*** Block opens ***

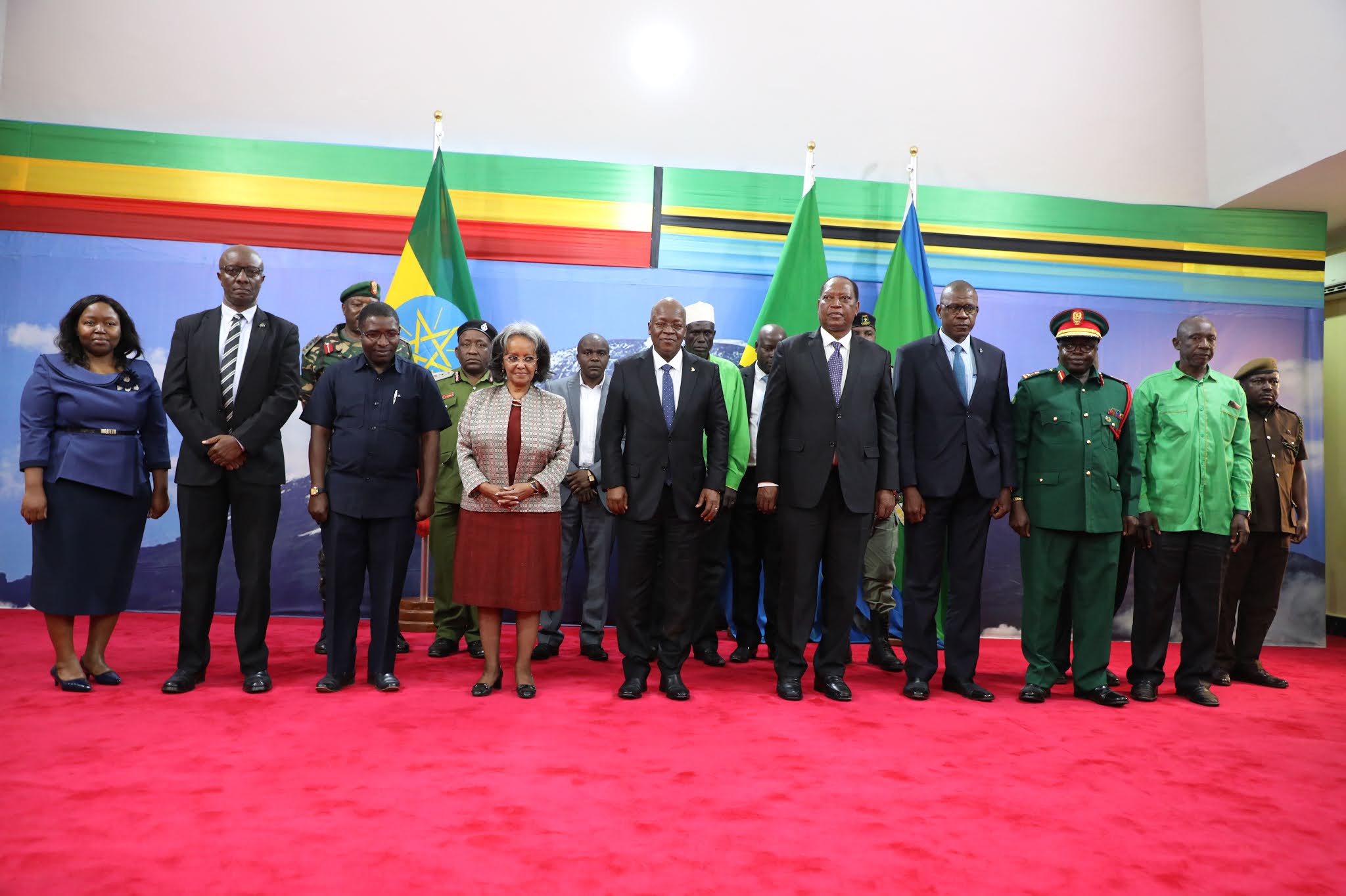 Mheshimiwa Dkt. John Pombe Joseph Magufuli Rais wa Jamhuri ya Muungano wa Tanzania na Mheshimiwa Sahle-Work Zewde Rais wa Jamhuri ya Kidemokrasia ya Shirikisho la Ethiopia wakiwa katika picha ya pamoja na baadhi ya Watendaji wa Serikali ya Tanzania na Ethiopia
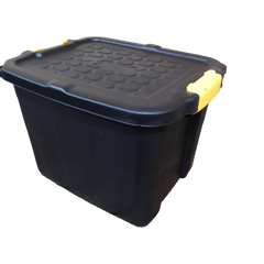 42L Heavy Duty Storage Tub Sturdy, Lockable, Stackable and Nestable Design Storage Chest with Clips in Black
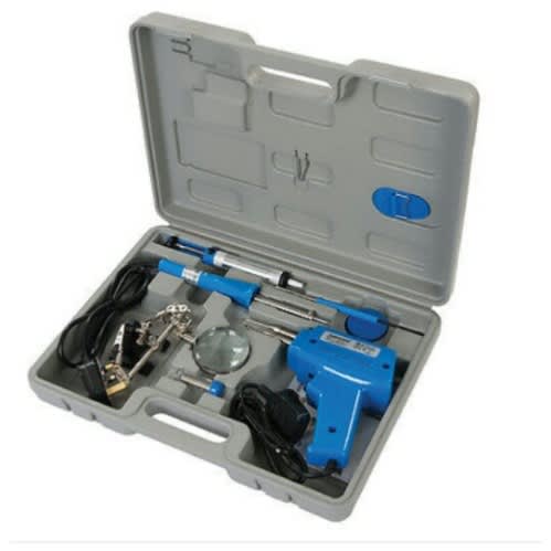 Features & details100W soldering gun for work on cables and sheet metal30W soldering iron with fine-point tip for precision workFor electronics, household and automotive wiringIncludes soldering iron stand, positioning tool, resin flux, solder,De-soldering tool, work stand w/h magnifying glass and spare tip for soldering gunProduct informationPart Number 845318Product Dimensions 33 x 6.5 x 25.5 cmItem model number 845318Item 1 Quantity 1Number Of Pieces 1Batteries Included? NoBatteries Required? No

*** Block closes ***

From the line containing "42L Heavy Duty" through the last line of the listing, inclusive, transcribe every line exactly and nothing else; the pictures stay out.

▶ **Output**
 42L Heavy Duty Storage Tub Sturdy, Lockable, Stackable and Nestable Design Storage Chest with Clips in Black
 Features & details100W soldering gun for work on cables and sheet metal30W soldering iron with fine-point tip for precision workFor electronics, household and automotive wiringIncludes soldering iron stand, positioning tool, resin flux, solder,De-soldering tool, work stand w/h magnifying glass and spare tip for soldering gunProduct informationPart Number 845318Product Dimensions 33 x 6.5 x 25.5 cmItem model number 845318Item 1 Quantity 1Number Of Pieces 1Batteries Included? NoBatteries Required? No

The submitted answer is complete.